▸ **EXCERPTED DATA**:
☆ ☆ ☆

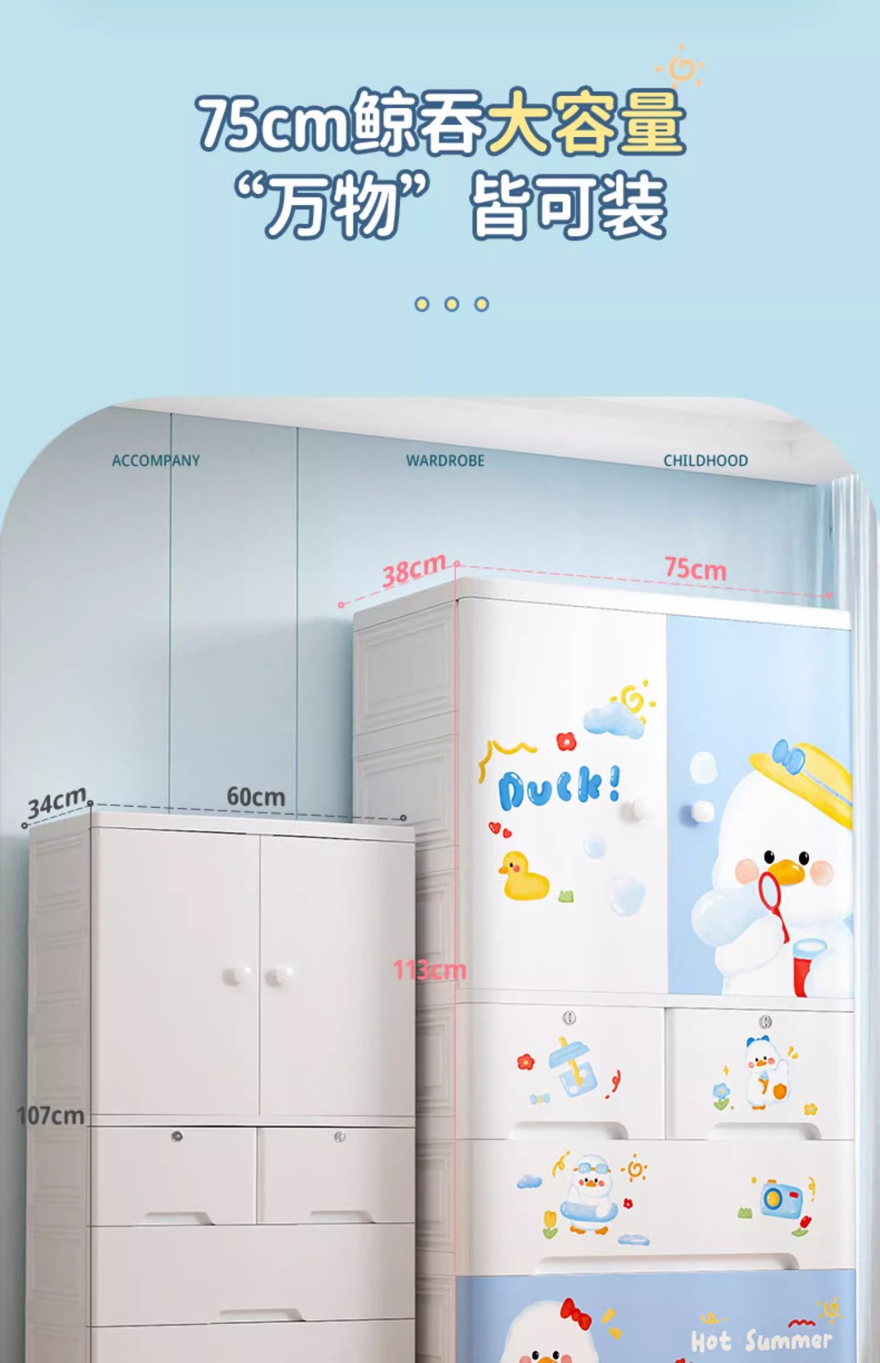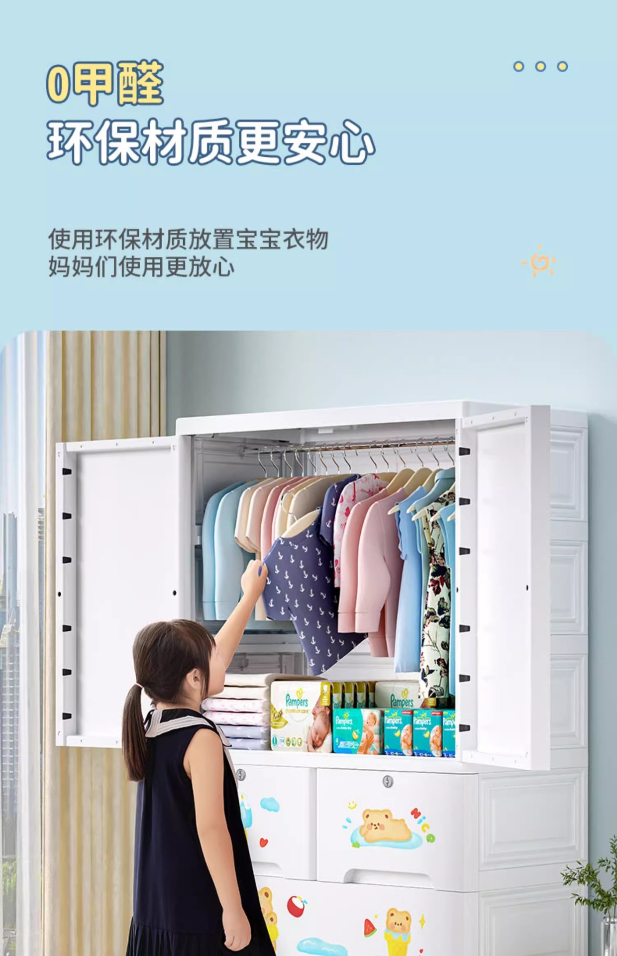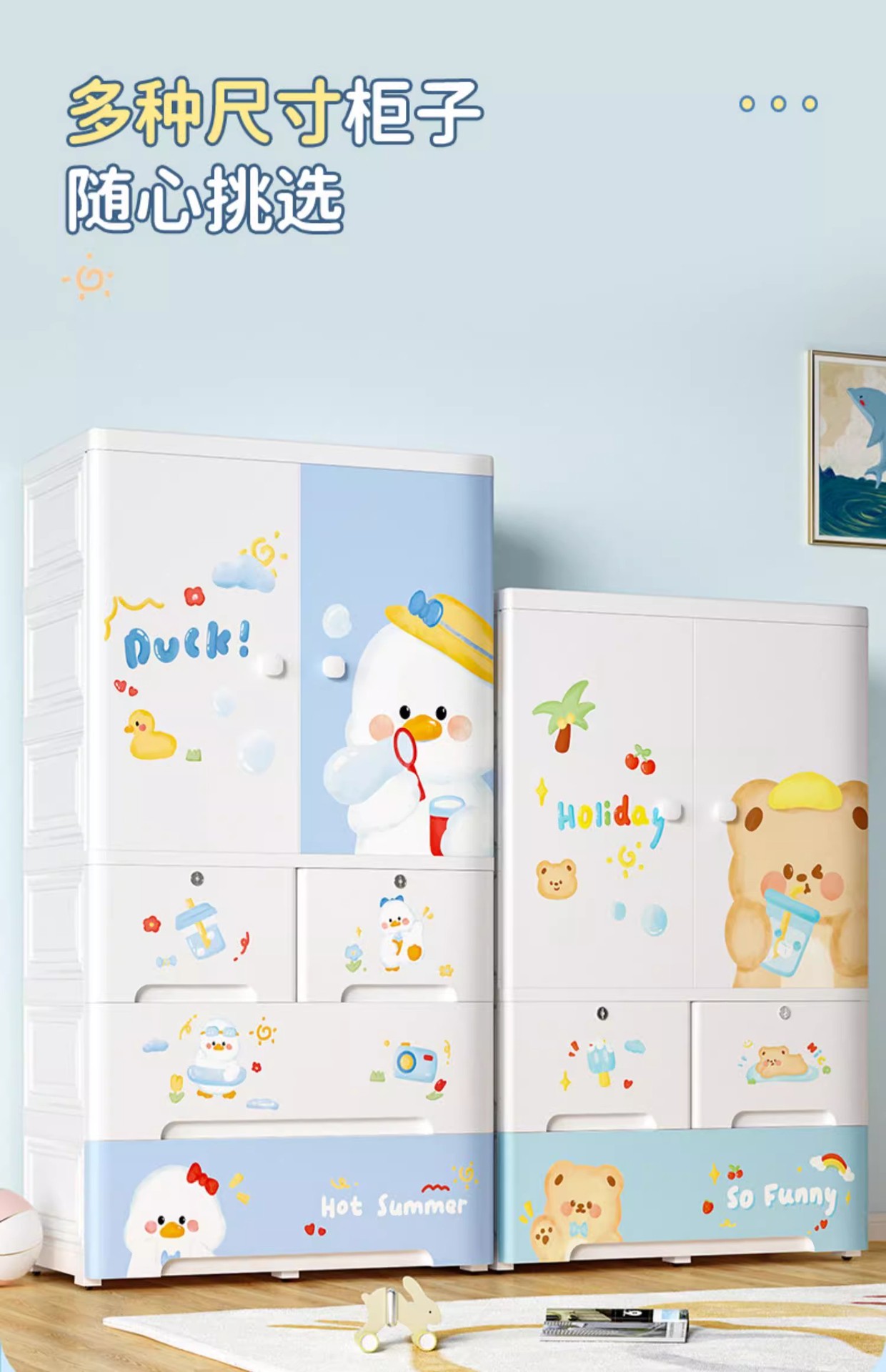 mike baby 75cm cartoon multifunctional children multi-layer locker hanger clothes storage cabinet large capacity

☆ ☆ ☆

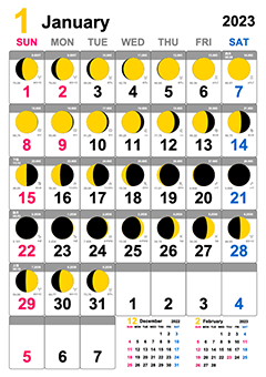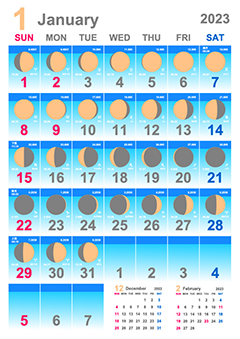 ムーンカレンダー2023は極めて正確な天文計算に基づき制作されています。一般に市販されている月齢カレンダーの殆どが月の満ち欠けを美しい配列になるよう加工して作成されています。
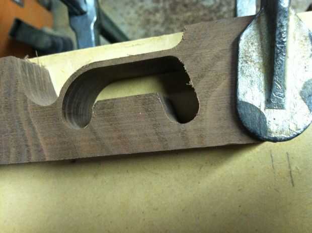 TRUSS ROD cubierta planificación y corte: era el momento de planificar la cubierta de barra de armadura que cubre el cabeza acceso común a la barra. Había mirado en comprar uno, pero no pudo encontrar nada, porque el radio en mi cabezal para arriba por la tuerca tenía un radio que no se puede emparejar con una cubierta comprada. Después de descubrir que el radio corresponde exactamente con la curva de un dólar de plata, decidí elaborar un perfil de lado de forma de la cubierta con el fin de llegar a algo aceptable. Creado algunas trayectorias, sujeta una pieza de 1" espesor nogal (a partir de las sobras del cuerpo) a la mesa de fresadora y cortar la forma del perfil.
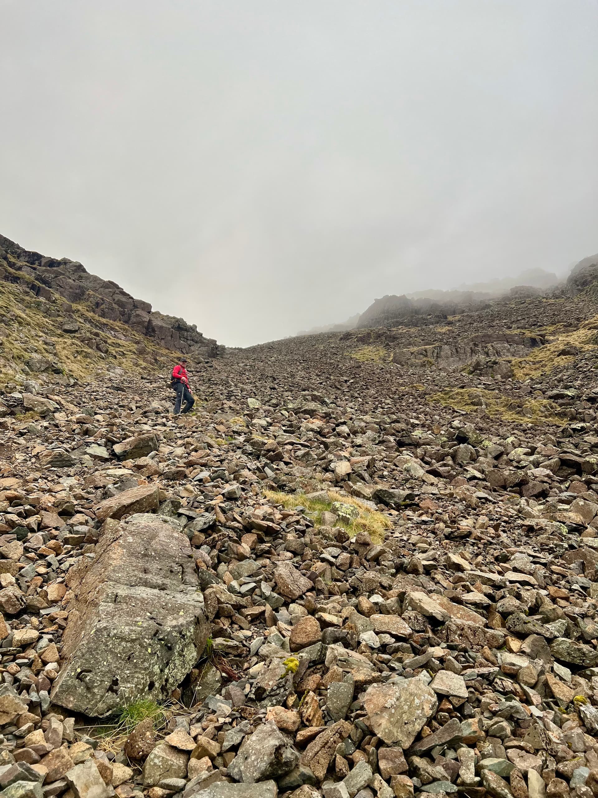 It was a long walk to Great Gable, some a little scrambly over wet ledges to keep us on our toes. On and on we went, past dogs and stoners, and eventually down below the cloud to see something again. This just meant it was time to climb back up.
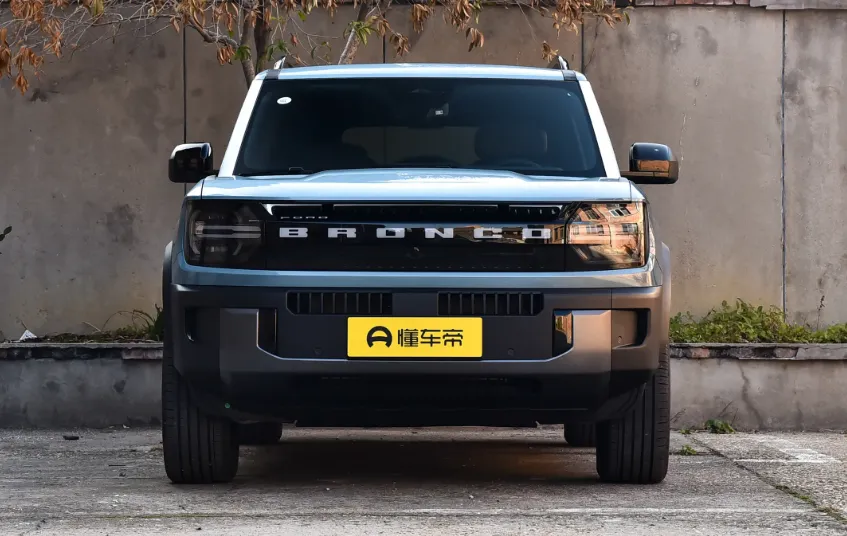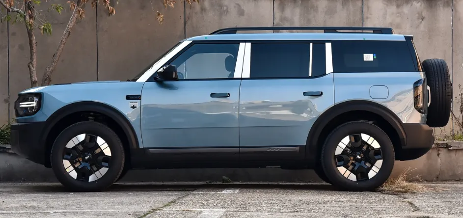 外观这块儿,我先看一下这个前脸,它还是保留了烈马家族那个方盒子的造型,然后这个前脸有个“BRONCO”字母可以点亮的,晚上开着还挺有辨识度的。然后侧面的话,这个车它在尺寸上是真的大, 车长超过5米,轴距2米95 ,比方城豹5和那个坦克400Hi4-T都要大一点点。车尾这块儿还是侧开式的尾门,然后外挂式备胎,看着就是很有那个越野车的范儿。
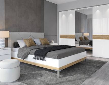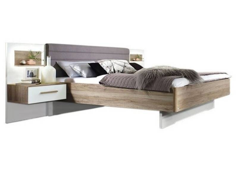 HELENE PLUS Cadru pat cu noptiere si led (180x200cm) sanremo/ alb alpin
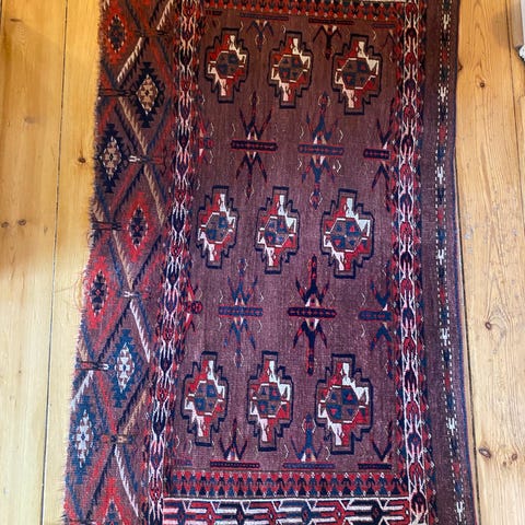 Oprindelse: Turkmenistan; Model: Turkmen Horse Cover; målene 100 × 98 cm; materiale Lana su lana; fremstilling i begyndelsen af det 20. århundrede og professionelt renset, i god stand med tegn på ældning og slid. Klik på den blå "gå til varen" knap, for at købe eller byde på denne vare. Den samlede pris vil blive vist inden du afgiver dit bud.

☆ ☆ ☆

▸ **YOUR GOAL**:
For the data above, set down exactly the lines from the line with "It was a long" to the line with "Oprindelse: Turkmenistan; Model: Turkmen", both included, leaving pictures out.

▸ **RESPONSE BELOW**:
 It was a long walk to Great Gable, some a little scrambly over wet ledges to keep us on our toes. On and on we went, past dogs and stoners, and eventually down below the cloud to see something again. This just meant it was time to climb back up.
 外观这块儿,我先看一下这个前脸,它还是保留了烈马家族那个方盒子的造型,然后这个前脸有个“BRONCO”字母可以点亮的,晚上开着还挺有辨识度的。然后侧面的话,这个车它在尺寸上是真的大, 车长超过5米,轴距2米95 ,比方城豹5和那个坦克400Hi4-T都要大一点点。车尾这块儿还是侧开式的尾门,然后外挂式备胎,看着就是很有那个越野车的范儿。
 HELENE PLUS Cadru pat cu noptiere si led (180x200cm) sanremo/ alb alpin
 Oprindelse: Turkmenistan; Model: Turkmen Horse Cover; målene 100 × 98 cm; materiale Lana su lana; fremstilling i begyndelsen af det 20. århundrede og professionelt renset, i god stand med tegn på ældning og slid. Klik på den blå "gå til varen" knap, for at købe eller byde på denne vare. Den samlede pris vil blive vist inden du afgiver dit bud.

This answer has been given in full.